Joseph Sikulu, Directeur pour le Pacifique, 350.org :  

“La COP conclut en parlant d’une transition hors des énergies fossiles et vers les énergies renouvelables, mais cela correspond encore une fois à un changement à petits pas, et non à la transformation dont nous avons besoin. La COP28 avait promis d’aboutir à une victoire historique, mais nous avons finalement eu un résultat faible, et plusieurs lignes rouges pour notre survie ont été dépassées. Nos îles méritent mieux que cela : nous méritons des actions concrètes qui permettent de rester sous les 1.5C de réchauffement, et des ressources pour adapter et opérer la transition de nos économies en développement.
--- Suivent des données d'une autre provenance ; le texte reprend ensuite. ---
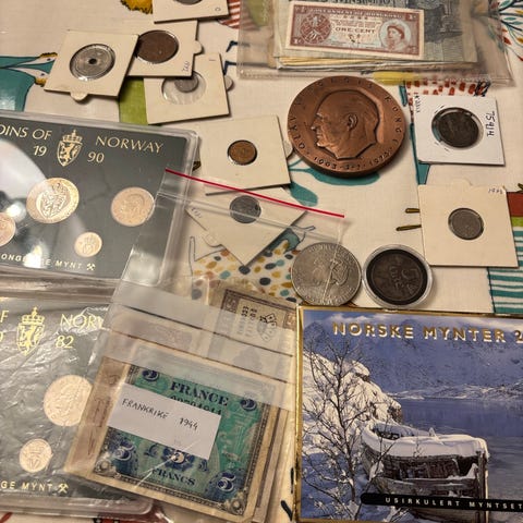 3,65kg mynter og sedler selges for 1000kr evt høystbydende over ved flere interreserte.
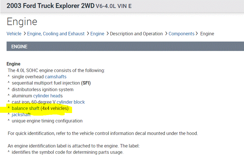 A balance shaft is only used on the 4.0L SOHC engines on the 4wd models. See the pics below. Are you referring to something different?
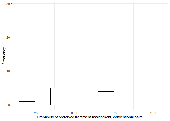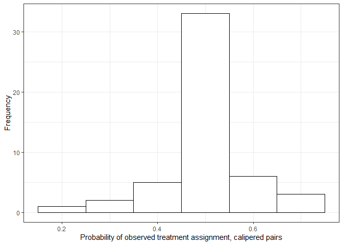 #> 8    8  28Matched pairs formed without using the dose assignment discrepancy caliper may have probabilities of observed treatment assignment heavily deviate from \(0.5\), as shown in the plot below.
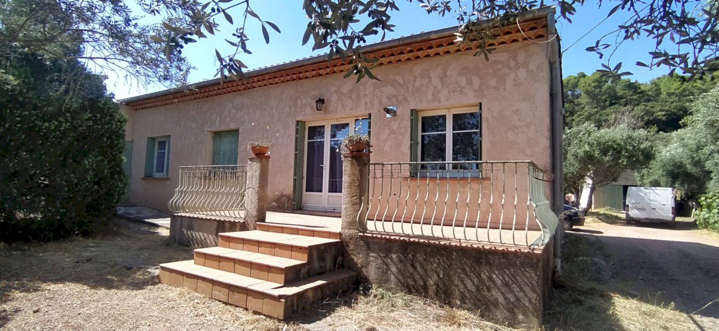 Maison de plain pieds de 120m2 situé dans une zone naturelle au calme sur un terrain de 1400m2 complanté d'oliviers, un garage de 20m2 et 2 grandes terrasses.

Ce texte reconnaît la source de la crise climatique, les énergies fossiles, mais n’acte pas la sortie définitive du charbon, du pétrole, et du gaz. Ce texte reconnaît également la nécessité de tripler la capacité des renouvelables à l’échelle mondiale, mais ne fixe pas d’objectif concret et quantifiable. C’est une chose de se référer au consensus climatique, mais si les accords finaux ignorent les recommandations scientifiques, alors on reste loin du compte. Nous ne laisserons pas l’avenir des nations du Pacifique entre les mains d’un accord qui joue sur des lacunes et des distractions telles que le “captage carbone” et des “énergies de transition”, et nous continuerons à demander des comptes aux pays qui entrave une réelle sortie des énergies fossiles en mettant en avance ces fausses solutions, tel que l’Australie. Chaque année, nous traversons les océans pour participer aux négociations de l’ONU sur le climat et pour se battre pour garder l’objectif de 1.5 degrés à portée de main. Clairement, ce sont les pays les plus vulnérables et les populations en premières lignes face au changement climatique qui font le gros et le plus dur du travail.”